Il pareggio strutturale del deficit viene rinviato al 2019, anno in cui la disoccupazione – sempre nelle previsioni del governo – dovrebbe attestarsi al 9,9% (rispetto all’11,5% con cui dovrebbe chiudersi il 2016).

Il debito è la nota dolente, perché per il momento la riduzione non riesce: anzi, al contrario la mole è in aumento. Nel 2015 il rapporto debito/Pil è sceso dal 132,7% al 132,2%, ma quest’anno dovrebbe risalire al 132,8%. «Tale variazione – spiega il ministero dell’Economia – è dovuta sia all’evoluzione più modesta attesa per il Pil nominale» che «alla riduzione significativa degli introiti previsti dalle privatizzazioni per l’anno in corso». L’esecutivo aveva preventivato incassi per lo 0,5% di Pil quest’anno, ma si è dovuto accontentare di uno 0,1%, essendo riuscito ad attuare solo la vendita del 46,6% di Enav. Si è soprasseduto sulla cessione degli immobili, causa «volatilità del mercato». Si confermano però gli obiettivi per i prossimi tre anni.

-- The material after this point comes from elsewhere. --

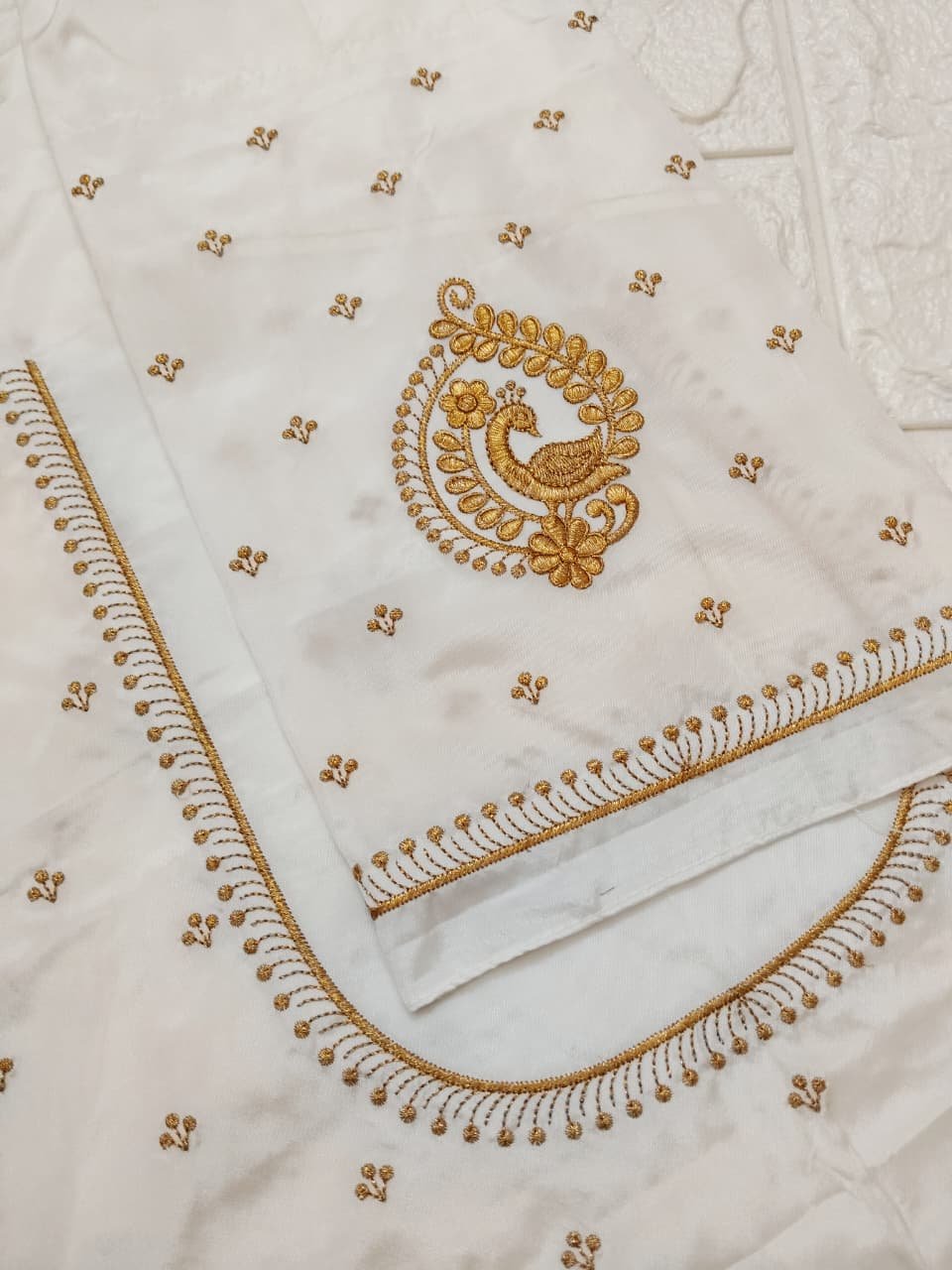 Off-White Color Fabric with Golden Zari Embroidery Work

Rispetto alle misure previste, il governo spiega che la legge di Bilancio si concentra su «investimenti, coesione sociale e sviluppo». L’esecutivo «intende attuare politiche per lo sviluppo socio-economico e la crescita; aumentare gli investimenti pubblici; rinnovare (con un approccio più selettivo) gli incentivi per gli investimenti privati (“super-ammortamento”), per le imprese innovative (“Industria 4.0”) e per la ricerca e sviluppo; sostenere il finanziamento delle Pmi (attraverso garanzie statali e agevolazioni fiscali); prevedere misure a favore delle famiglie; aumentare le prestazioni previdenziali per i pensionati a basso reddito; stanziare risorse per il rinnovo dei contratti del pubblico impiego (un congelamento dei salari è in vigore dal 2010)».

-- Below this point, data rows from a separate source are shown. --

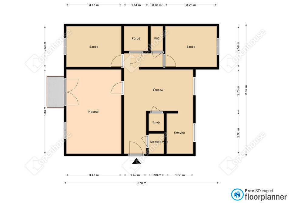 - A lakás egy 12 lakásos társasház, második emeletén található, 63 nm-es, 3 szobás.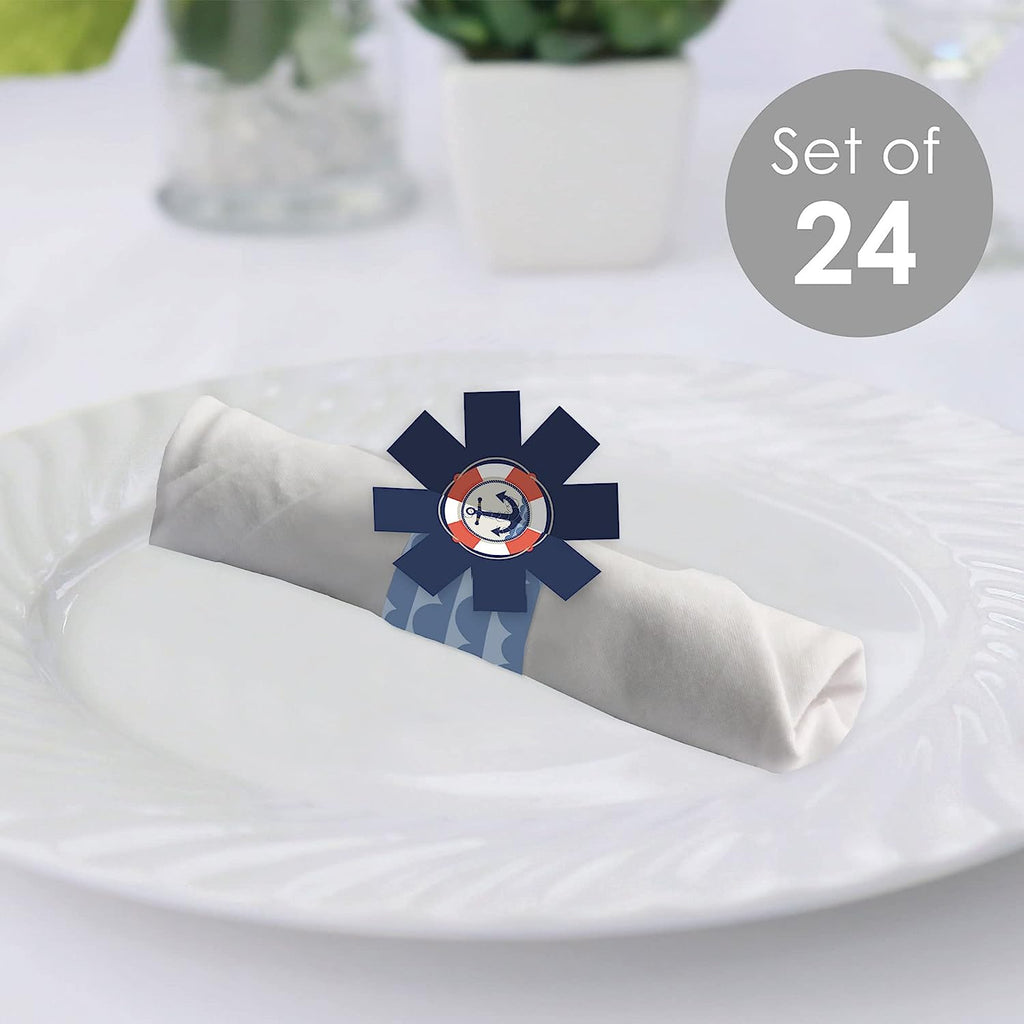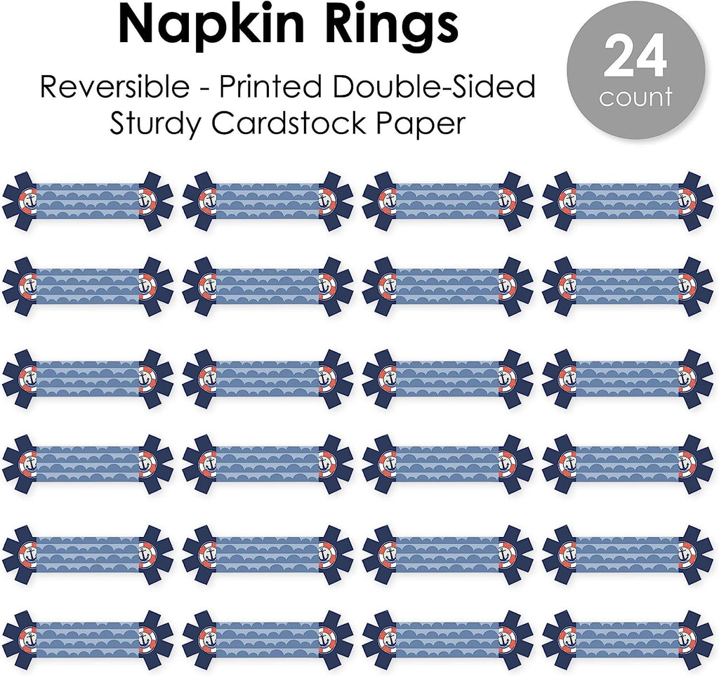 Ahoy - Nautical - Baby Shower or Birthday Party Paper Napkin Holder - Napkin Rings - Set of 24 is backordered and will ship as soon as it is back in stock.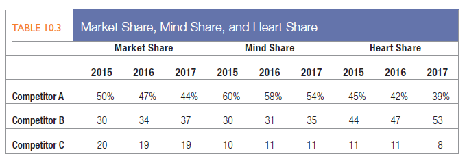 There’s an interesting relationship among these three measures. Table 10.3 shows them as recorded for three hypothetical competitors. Competitor A enjoys the highest market share but is slipping. Its mind share and heart share are also slipping, probably because it’s not providing good product availability and technical assistance. Competitor B is steadily gaining market share, probably due to strategies that are increasing its mind share and heart share. Competitor C seems to be stuck at a low level of market, mind, and heart share, probably because of its poor product and marketing attributes.

Al netto della spesa straordinaria per i terremoti, la prevenzione e la migrazione di cui sopra, l’aumento complessivo della spesa è pari allo 0,6% del Pil nel 2017. Se a questo si aggiunge l’abrogazione dell’aumento dell’Iva, il deficit arriverebbe al 3,1% del Pil. Si centra però l’obiettivo del 2,3% finale grazie alla spending review, mentre aumenti di gettito secondo il governo verranno dal «miglioramento della compliance fiscale» (leggi rottamazione delle cartelle Equitalia, ndr), misure per le partite Iva, «l’estensione della voluntary disclosure e le aste per le frequenze».